La mauvaise qualité du béton et du fer est désignée comme la principale responsable de la fragilité de tous les bâtiments visités, qu'ils se soient effondrés ou fissurés.
"Les fers étaient mous, on pouvait les tordre à la main, et ils étaient lisses alors qu'un bon fer à béton est strié.
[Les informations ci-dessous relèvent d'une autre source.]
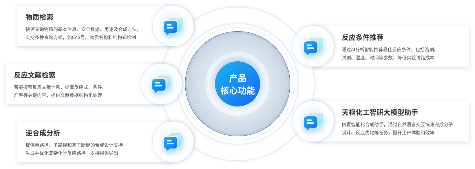 天枢智能合成平台是中化数智自主研发的智能化化学合成辅助工具,依托人工智能和大模型技术,专注于化学研发中的分子设计、逆合成分析和反应条件优化等核心环节。通过平台,研发人员能够高效获取所需数据,优化合成设计,提高研发效率并降低试错成本,助力化工行业实现智能化、数字化转型。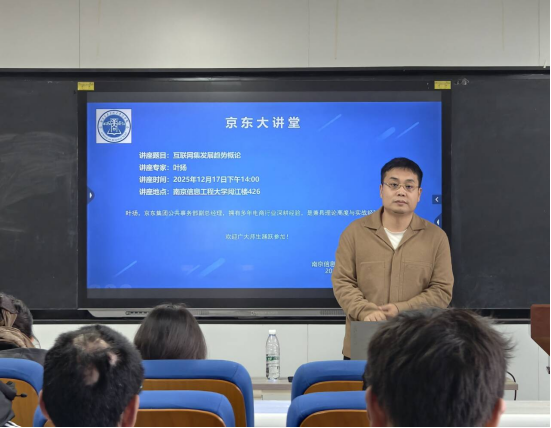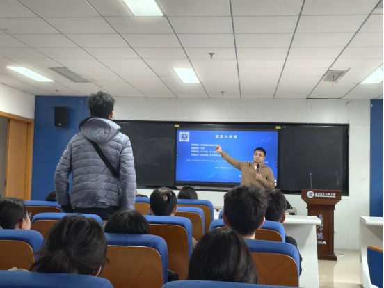 2025年12月17日,商学院在阅江楼426成功举办京东大讲堂活动。此次讲座特邀京东集团公共事业部副总经理叶扬担任主讲嘉宾。讲座由何正全副院长主持,供应链管理系教师、2023级、2024级、2025级京东实验班全体学生和2025级各班新生参加了此次讲座。

Quant au béton, la proportion de ciment est mal dosée, sans parler de la mauvaise qualité des agrégats" affirme Patrick Coulombel.
"Pour faire des économies, on utilise un mauvais acier, on rogne sur le ciment, et puis le béton, c'est très technique, compliqué, et il manque ici des personnes capables de mettre en oeuvre un béton de qualité", ajoute-t-il.
Il faut éviter les bâtiments longs, dit-il encore, et réfléchir à la forme des constructions.
Une pyramide ne tombe pas, souligne l'expert, mais "les gens n'ont pas forcément envie d'habiter une pyramide". Quelque 60% des bâtiments d'Haïti ne respectent pas les normes, estiment les deux spécialistes.

Le lieu de construction est aussi important, estime M. Guno, qui exerce dans l'île française de Martinique. "Les Haïtiens ne sont pas les seuls à faire des erreurs, en Martinique, le collège Dillon 2 a été construit il y a 18 ans sur une faille" précise-t-il.